Now News Corp Has Started Blocking Some Sites, No Excuse Not To Block Google
UK News Corp newspaper The Times has started blocking some sites from indexing its content using the Robots.txt standard, demonstrating that not only do they know how to do it, there’s no longer any excuse when it comes to them not blocking Google.
Some time last week, the Robots.txt file for timesonline.co.uk was amended to block a number of sites, among them the UK based news aggregator NewsNow and (weirdly) the Alexa archiver.
The singling out of NewsNow seems to be primarily motivated by a dispute about commercial use, with a Times spokesman telling PaidContent UK that
“NewsNow has been using Times Online content as part of its paid-for, commercial as well as free services. They have continued to do so despite our direct requests for them to stop. As a result, we have taken the decision to disallow their indexing of our content. News International makes a significant investment in journalism and we believe that it is entirely appropriate for us to ask that our rights are respected. NewsNow has acknowledged that they require our permission to use our content and, in the absence of our permission, has ceased to do so.”?

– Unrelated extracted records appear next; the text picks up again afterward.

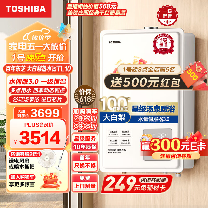 东芝(TOSHIBA)16升燃气热水器 天然气水伺服 3D恒温 进口CPU 下置变频风机 一级静音 大白梨TL10价格:3999.00元!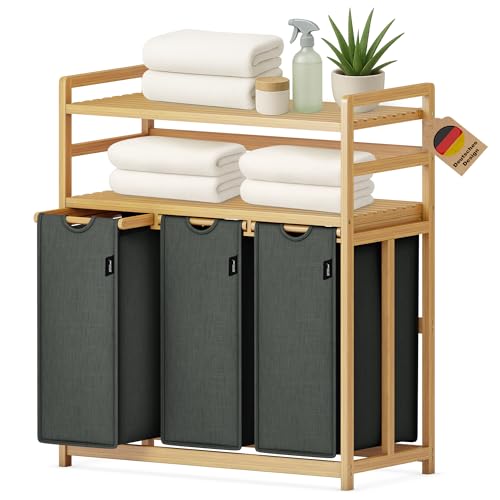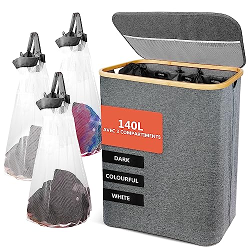 Tiklife Panier à linge 3 compartiments, 150 l, bambou naturel, panier à linge extensible, peut être utilisé dans la cuisine, le salon, la salle de bain et d'autres endroits (gris foncé)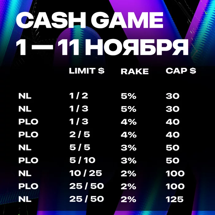 Ежедневно ~ 17:00 открываются 4+ стола по Холдему и Омахе с лимитами от $1/$2 и $5/$5. Уточняйте у кеш-менеджера на площадке или в телеграм-чате о специальных условиях по питанию и проживанию для кеш-игроков.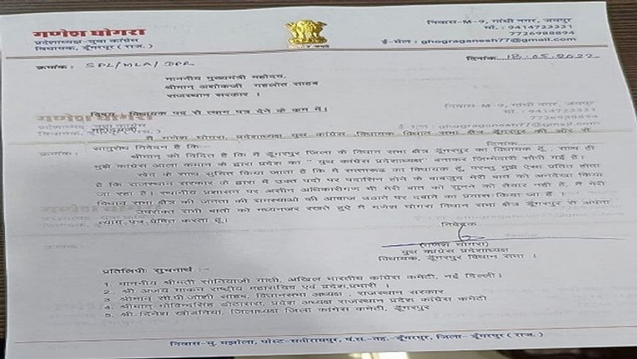 जयपुर.डूंगरपुर में एसडीएम को बंधक बनाने के आरोप में कांग्रेस विधायक गणेश घोघरा पर एफ आई आर दर्ज हो गई है । FIR दर्ज होने के मामले ने इतना तूल पकड़ा कि नाराज कांग्रेसी विधायक और यूथ कांग्रेस के अध्यक्ष गणेश घोघरा ने अपने विधायक पद से इस्तीफा देने का मन बना लिया । उन्होंने मुख्यमंत्री समेत सोनिया गांधी, अजय माकन, सीपी जोशी, गोविंद सिंह डोटासरा समेत अन्य दिग्गज नेताओं को अपने इस्तीफे की कॉपी भेज दी । घोगरा के इस्तीफा का यह नया मामला सरकार के गले पड़ता जा रहा है । इस मामले में अन्य विधायक भी घोघरा के साथ आकर खड़े हो रहे हैं ।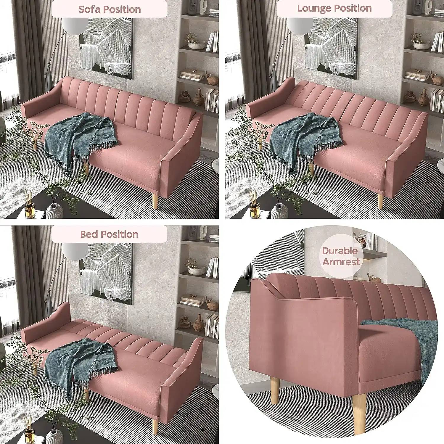 SOFA : Lonkwa Velvet Futon Sofa Bed Couch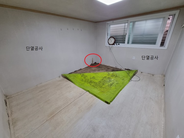 특히바닥에 스티로폼이 깔려 있으므로 물을 많이 머금고 있어서 바닥의 물이 더 안마를 수 있으므로 바닥을 들어내는 공사가 필요하다고 합니다.

Of note is mention in the robots.txt file that “spidering” (that is, indexing) of the site is not allowed under the paper’s terms and conditions.
#Spidering is not allowed by our terms and conditions
#Authorised spidering is subject to permission
#For authorisation please contact us – see
As of the time of writing, Times content was still being indexed by Google, and the paper has made no attempt to block Google from spidering the site, despite it being as easy as adding two lines to the file (or simpler, implementing a block to all sites.) The inclusion of the T&C clause might be the start of laying the ground work for a legal challenge; after all, why not block Google upfront if you don’t want your site indexed unless you want to bring about an eventual showdown.

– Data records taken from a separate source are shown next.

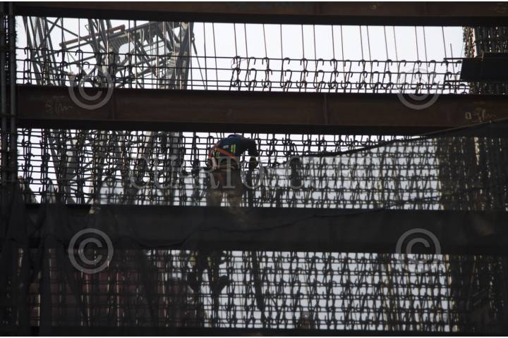 MÉXICO, D.F., 02MAYO2014.- El tercer día del mes de mayo se celebra el Día de la Santa Cruz o como se conoce coloquialmente "día del albañil". "In hoc signo vincis", 'con esta señal vencerás', fueron las palabras del emperador romano Constantino cuando colocó una cruz frente a su ejército para que vencieran sin temor al enemigo. Los maestros de la construcción arriesgan su vida cotidianamente y festejan su día trabajando. FOTO: MARÍA JOSÉ MARTÍNEZ /CUARTOSCURO.COM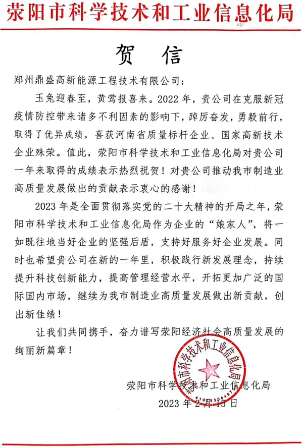 2月15日,滎陽市科學技術和工業(yè)信息化局向鄭州鼎盛高新能源工程技術有限公司(以下簡稱“鄭州鼎盛”)發(fā)來賀信。向公司過去一年取得優(yōu)異成績表示祝賀,恭賀鄭州鼎盛喜獲河南省質(zhì)量標桿企業(yè)、國家高新技術企業(yè)等殊榮。對鄭州鼎盛推動滎陽市制造業(yè)高質(zhì)量發(fā)展做出的貢獻表示感謝。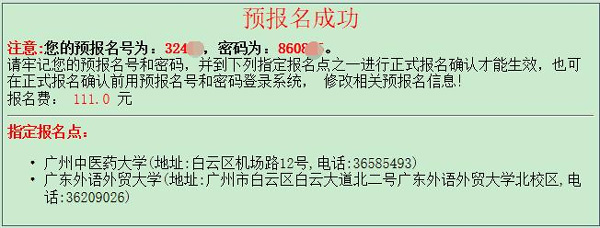 第六步:记录预报名序号和密码。预报名成功后,将预报名号填写在身份证和毕业证书复印件(复印在一张A4纸同一面 此复印件在现场确认报名时要提交)右上角。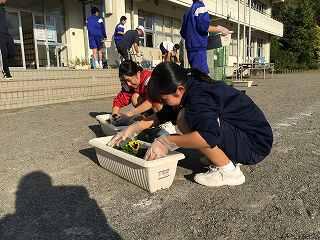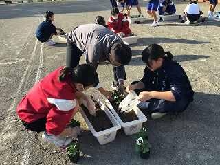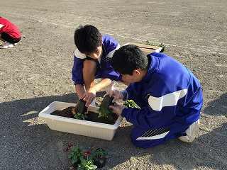 11月2日に全校生徒で、美化委員長の指示のもと、パンジーの花植えを行いました。
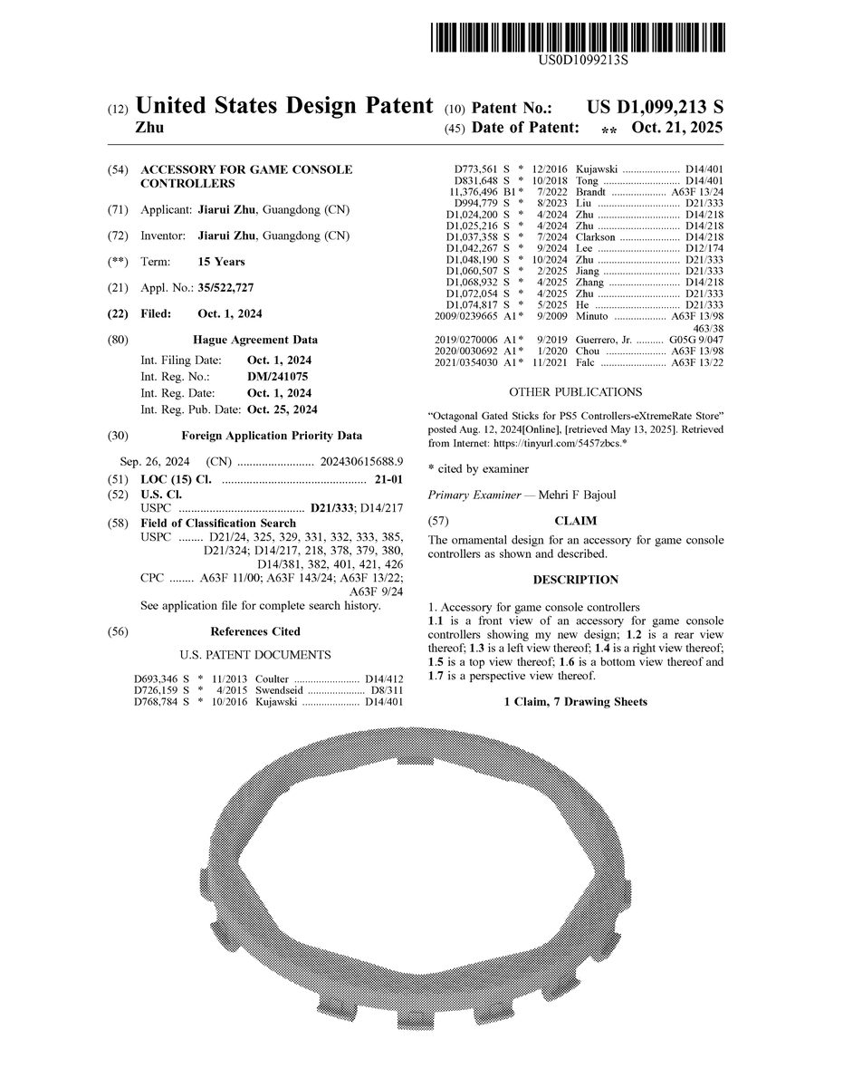 U.S. Design Pat. No. D1,099,213 U.S. Pat. App. No. 35/522,727 Accessory for Game Console Controllers Unknown assignee October 1, 2024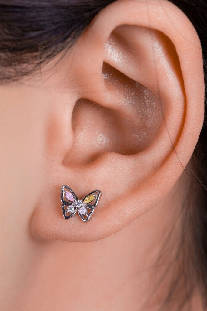 Sterling Silver Sparkly Butterfly Stud Earrings

The ban of some sites via robots.txt by The Times proves that despite bizarre and unfounded stealing allegations made by News Corp execs and their supporters, they know how easy it is to get their content out of Google. There’s no longer any excuses: if they were serious about the alleged “content theft” from Google, they should block Google today, not tomorrow or next month, or in three months time. Failing to do so just demonstrates again that this is a game where they’re trying to milk money out of Google by talking big, while failing to act on their alleged convictions.